# Activity
The required output is the lines from the one with "Look at the" through the end of the data, repeated verbatim, with no pictures included.

# Collected material
________________
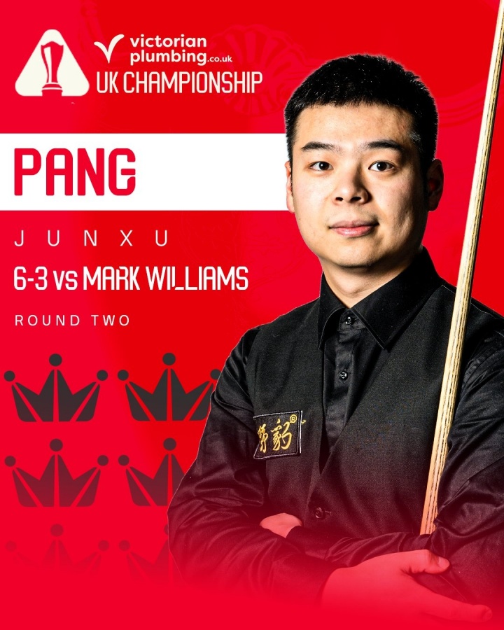 直播吧12月04日讯2025斯诺克英锦赛16进8轮次,全场比赛马克·威廉姆斯打出单杆101、112分,庞俊旭打出单杆76、53、116分。开局庞俊旭一路扩大领先优势,一度4-1领先威廉姆斯,威廉姆斯第六局轰出112分破百连追两局,将比分追到3-4,随后庞俊旭打出单杆51、116分锁定胜局,以6-3的比分战胜威廉姆斯,成为首位晋级八强的中国球员!
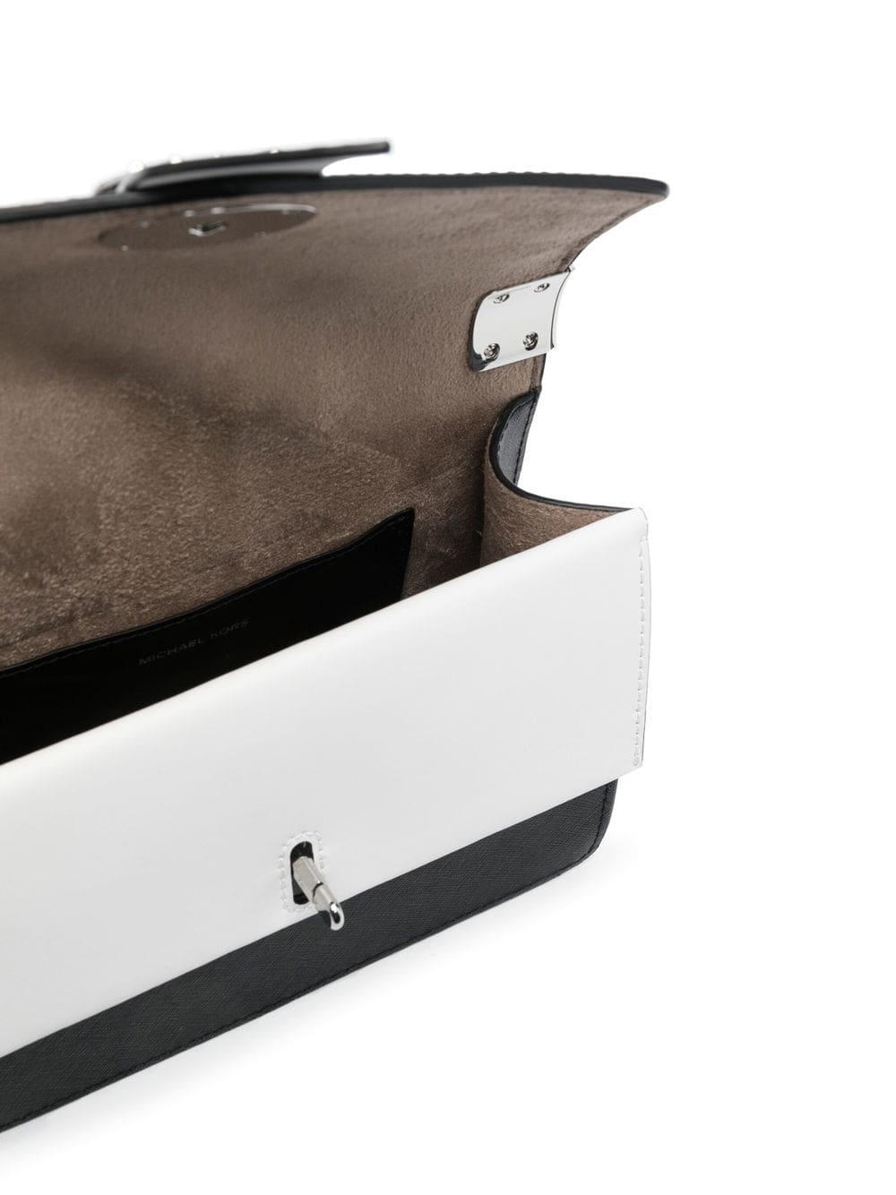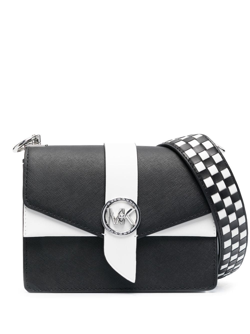 black/white calf leather colour-block design silver-tone logo plaque foldover top with press-stud fastening check-pattern detachable shoulder strap main compartment internal patch pocket
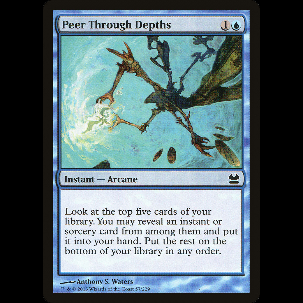Look at the top five cards of your library. You may reveal an instant or sorcery card from among them and put it into your hand. Put the rest on the bottom of your library in any order.
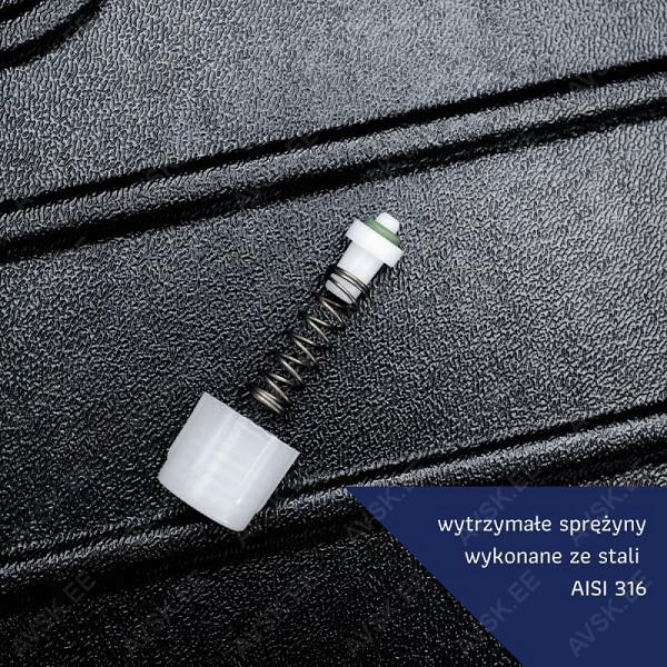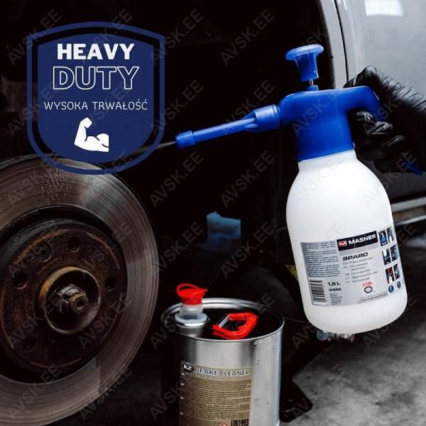 Professionaalne käsiprits Masner SPARO on detergentide ja keemiliselt aktiivsete leeliseliste ainete lahuste pealekandmiseks. Pritsi iseloomustab kõrge keemiline vastupidavus. kindel konstruktsioon ja kasutusmugavus. Tänu Viton® FPM tihenditele on see vastupidav õlidele. rasvadele. bensiinile ja teistele tugevatoimelistele kemikaalidele. Viton® tihend on spetsiaalne fluorikummist valmistatud elastomeer. Seda materjali iseloomustavad minimaalne takistuse vähenemine kuumuse mõjul. väga kõrge keemiline vastupidavus. mittesüttivus. madal gaasi läbilaskvus. vastupidavus madalrõhu tingimustele. kasutamise võimalus osoonikeskkonnas. vastupidavus UV-kiirgusele ja aromaatsetele süsivesinikele. Ei sobi kasutamiseks järgmiste ainetega: vesinikkloriidhape. naatriumhüpoklorit. leelised. viskoossed ja paksud vedelikud. vedelikud temperatuuriga üle 40°C.
________________
# Output below
Look at the top five cards of your library. You may reveal an instant or sorcery card from among them and put it into your hand. Put the rest on the bottom of your library in any order.
 Professionaalne käsiprits Masner SPARO on detergentide ja keemiliselt aktiivsete leeliseliste ainete lahuste pealekandmiseks. Pritsi iseloomustab kõrge keemiline vastupidavus. kindel konstruktsioon ja kasutusmugavus. Tänu Viton® FPM tihenditele on see vastupidav õlidele. rasvadele. bensiinile ja teistele tugevatoimelistele kemikaalidele. Viton® tihend on spetsiaalne fluorikummist valmistatud elastomeer. Seda materjali iseloomustavad minimaalne takistuse vähenemine kuumuse mõjul. väga kõrge keemiline vastupidavus. mittesüttivus. madal gaasi läbilaskvus. vastupidavus madalrõhu tingimustele. kasutamise võimalus osoonikeskkonnas. vastupidavus UV-kiirgusele ja aromaatsetele süsivesinikele. Ei sobi kasutamiseks järgmiste ainetega: vesinikkloriidhape. naatriumhüpoklorit. leelised. viskoossed ja paksud vedelikud. vedelikud temperatuuriga üle 40°C.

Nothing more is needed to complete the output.